Аля почувствовала, что дыхание у нее останавливается. Он говорил спокойно, как будто бы даже безразлично. Но она-то давно уже научилась улавливать даже неуловимые переливы его голоса и теперь чувствовала настороженные, едва ли не робкие интонации.
Она по-прежнему молчала: не могла говорить спокойно, как будто обсуждая что-то постороннее… Она ждала той минуты, когда они останутся вдвоем в пустой комнате, и Илья уже не будет смотреть на дорогу, и прямо на нее глянут его прозрачные, как яблоневая смола, глаза.

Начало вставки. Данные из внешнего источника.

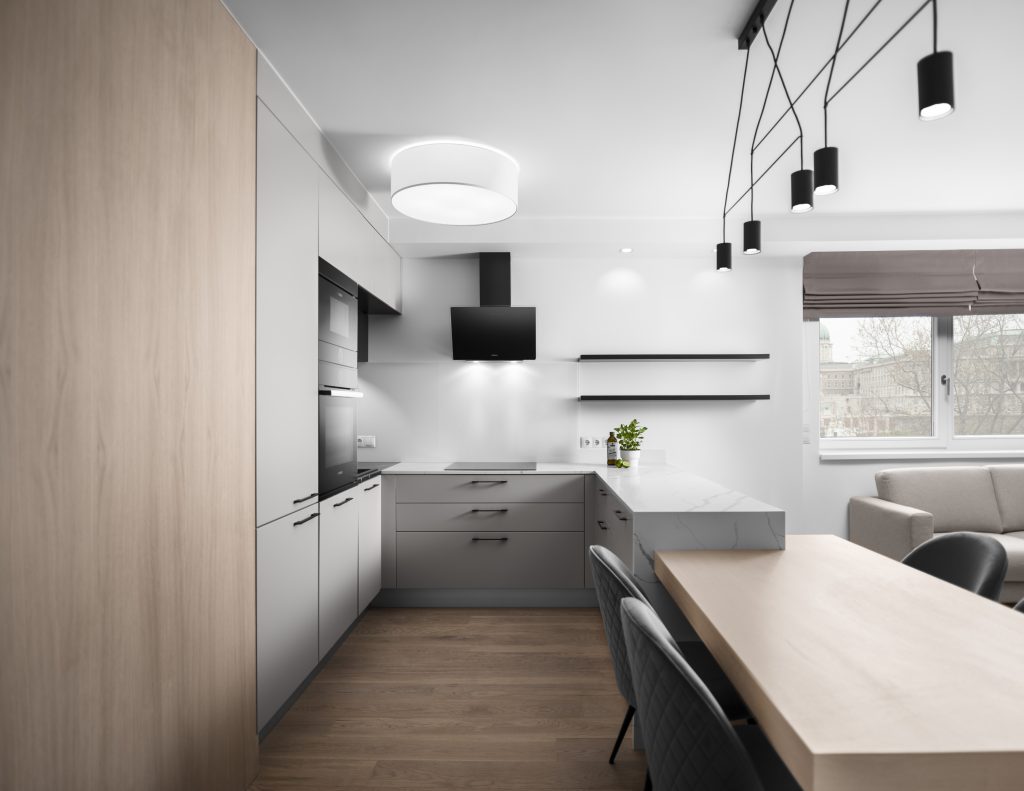 A frontok többségben selyemfényű világosszürke színűek, ugyanakkor a középső elemsor fekete színű frontokkal rendelkezik, ehhez kapcsolódóan a hátfal is fekete alapon fehér márvány mintás. A konyhagépek teljesen fekete színűek, megtartva ezzel a modern megjelenést. A főzőlap és az elszívó között átlátszó üveghátfal található, ami alig észrevehető nem zavarja a szemet. A dekton konyhapult megtörve a sötétebb árnyalatokat; teljesen világos – fehér alapon szürke/fekete márvány mintás.
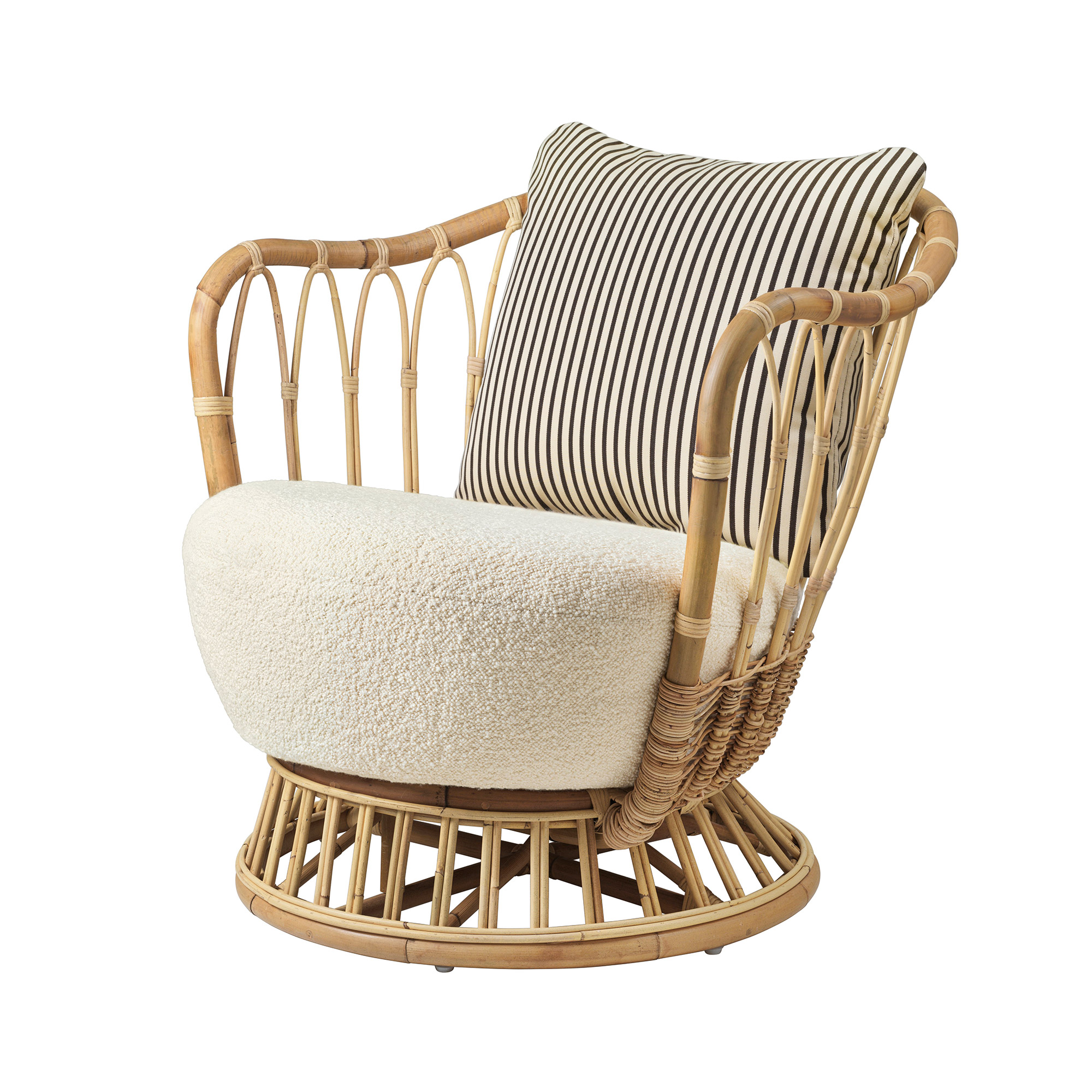 Grace Lounge Chair, som återintroduceras av Gubi, är ett verk av Tove Kindt-Larsen från 1936. Denna fåtölj är resultatet av Kindt-Larsens inspiration från naturens egna linjer och organiska material, vilket återspeglas i dess design. Varje exemplar av denna fåtölj är unikt tack vare den handgjorda stommen i rotting, som först ångbehandlas för att bli mer formbar. Därefter vävs rottingen noggrant och spänns för att härda i sin form. Denna teknik utförs av hantverkare med djupgående kunskap och lång erfarenhet, vilket bidrar till dess unika karaktär. Fåtöljen är utformad för optimal komfort, med en mjuk sittdyna och ett rymligt ryggstöd. Vi tillhandahåller dynan och ryggkudden i olika tygval. Om du önskar beställa ett tyg som inte finns tillgängligt på vår webbplats, tveka inte att kontakta vår kundservice.
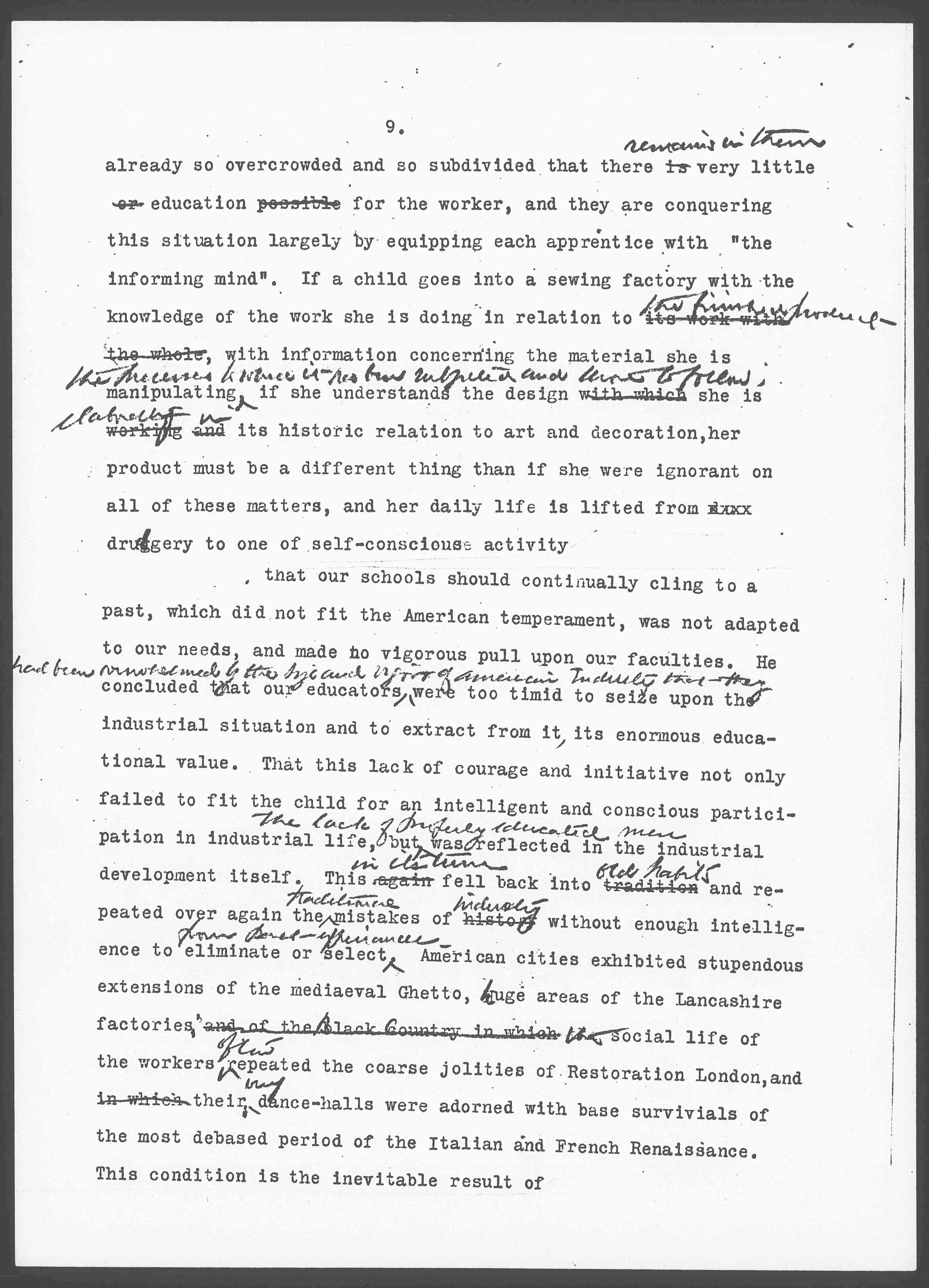 [cut] that our schools should continually cling to a past, which did not fit the American temperament, was not adapted to our needs, and made no vigorous pull upon our faculties. He concluded that our educators ↑had been overwhelmed by the size and vigor of American Industry that they↓ were too timid to seize upon the industrial situation and to extract from it, its enormous educational value. That this lack of courage and initiative not only failed to fit the child for an intelligent and conscious participation in industrial life, but ↑the lack of properly educated men↓ was reflected in the industrial development itself. This again ↑in its turn↓ fell back into tradition ↑old habits↓ and repeated over again the ↑traditional↓ mistakes of history ↑industry↓ without enough intelligence to eliminate or select ↑from past experiences.↓ American cities exhibit stupendous extensions of the [medieval] Ghetto, huge areas of the Lancashire factories, and of the Black Country in which the social life of the workers ↑often↓ repeated the coarse jollities of Restoration London, and in which their ↑very↓ dance-halls were adorned with base survivals of the most debased period of the Italian and French Renaissance. This condition is the inevitable result of [page 8]
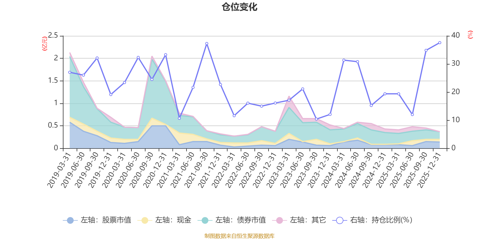 据定期报告数据统计,近三年平均股票仓位为21.78%,同类平均为19.2%。2025年末基金达到37.58%的最高仓位,2023年三季度末最低,为10.41%。
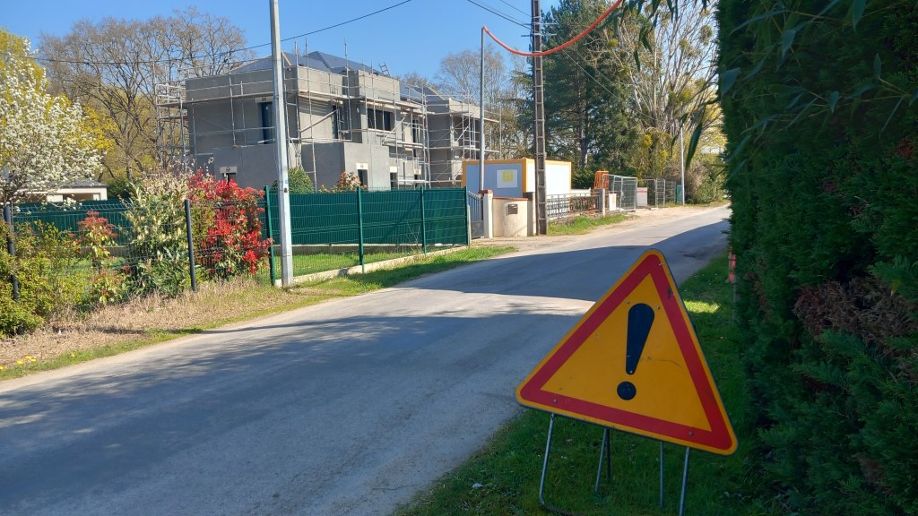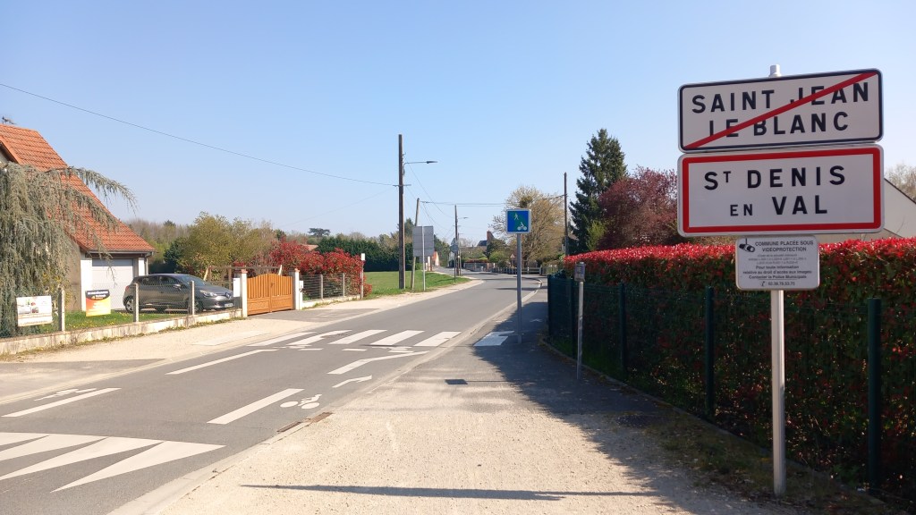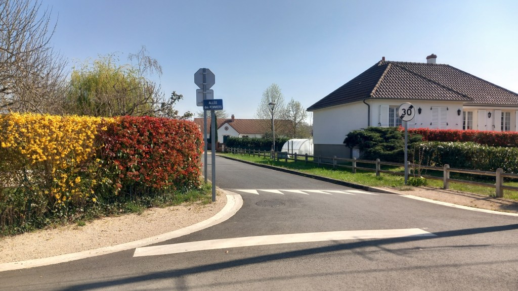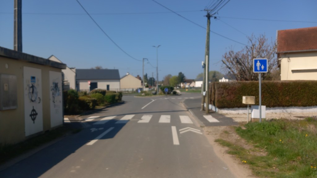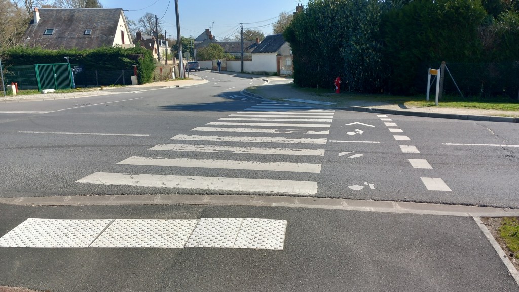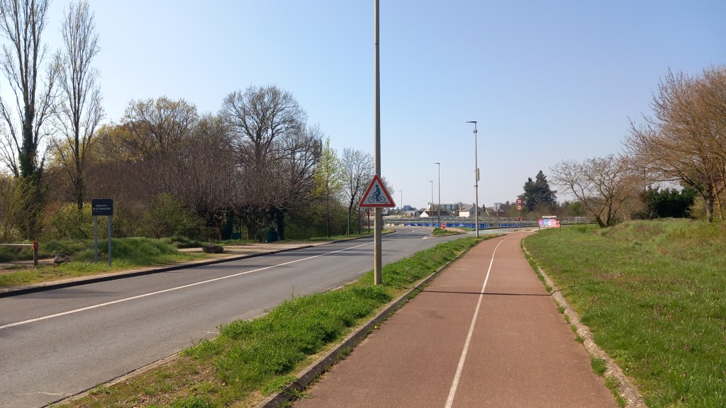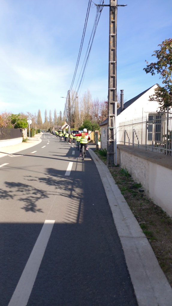 Ensuite, la rue résidentielle devient champêtre et nous approchons d’un petit giratoire (mode facile), nous irons à gauche, vers la rue de la Loire. C’est le moment d’une petite formation sur la prise de giratoire à vélo. Je suis étonné de l’instruction « placez-vous à l’extérieur de l’anneau, tendez le bras gauche quand vous ne sortez pas, le bras droit quand vous sortez ».

Они вошли в квартиру молча. Илья зажег свет в прихожей, помог Але снять плащ. Его руки задержались на ее плечах, она почувствовала, как он обнимает ее сзади, как усы его щекочут ей ухо.
– Прости, милая, – шепнул Илья. – Больше не буду на тебя орать, ты и так единственный мой островок в этом бардаке.